The announcement comes with the release of Michael Page’s 100 In-Demand Skills report, which was based on thousands of conversations with employers over decades in the industry. Outlining the best skills and attributes for securing employment, the list is a must for anyone attempting to sharpen their CV.
However, consumer research of over 2000 workers, carried out by Michael Page, found that less than half of Brits (44 per cent) recognise adaptability as a skill they see in themselves, and even fewer (15 per cent) admitted promoting this on their CV. This shows that in the job market today, this vital skill is both lacking and understated, presenting a promising strategy for those currently seeking employment.
Nick Kirk, UK Managing Director at Michael Page, said,
We expect the January job market to be incredibly busy, fed by activity last quarter when one in 40 workers looked for a new job1. As January is one of the most competitive times for both clients and candidates, it becomes even more vital to stand out during this busy period. Job seekers would certainly benefit from communicating how adaptable they are during the application process, to promote the qualities that employers value most and better align with their needs. As adaptability is often a hidden skill, candidates should leave their comfort zones and try new things, to showcase the skill that will help them get ahead in their search for a new job.

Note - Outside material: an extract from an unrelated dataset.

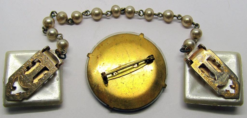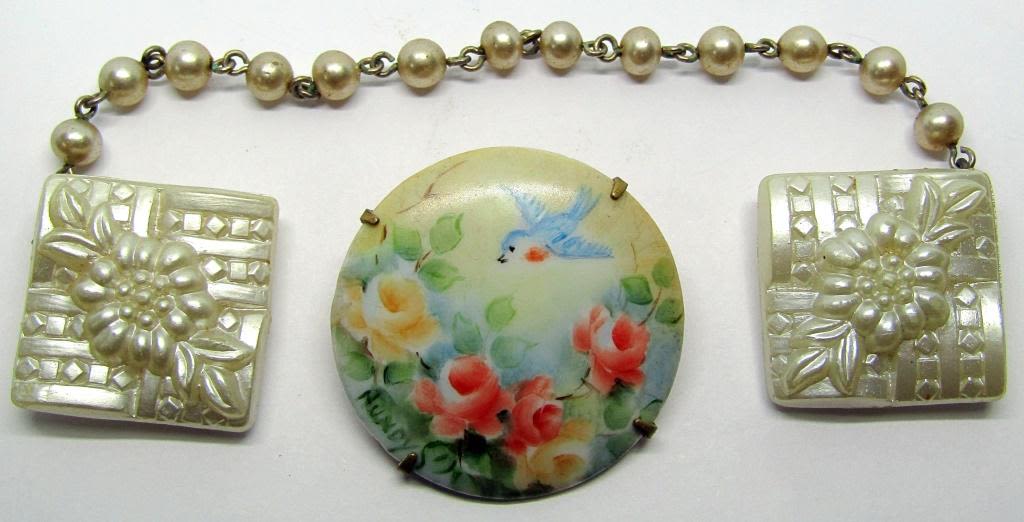CARVED FLOWER LUCITE AND FAUX PEARLS PLUS (1)GOLD TONED CIRCULAR WITH PAINTED BIRD AND FLOWER PORCELIN CENTER

The survey also drilled deeper into the development and articulation of candidates’ skillsets, which revealed:
Almost everyone (96 per cent) agreed employers require more skills now than ever before. However, only nine per cent strongly agree they know all their skills and only six per cent know how many skills to highlight to an employer. One third (32 per cent) of people don’t know what skills an employer is looking for, pressing the need for employers to articulate what they are looking for in a prospective candidate. Almost half (45 per cent) believe their skillset has changed significantly in the last 10 years. However, only one in ten (10 per cent) strongly agree to expect to learn new skills in the next 12 months
Our research shows something of a disconnect between employers’ expectations and candidates’ beliefs in their own skills. We know that employers are increasingly looking for specific skillsets in candidates. It’s why, at Michael Page, we are committed to helping our candidates hone and articulate their skillsets in a way that makes them stand out in a very congested market. The demand for more skills also demonstrates how adaptability will be an incredibly powerful skill for candidates to identify in 2019.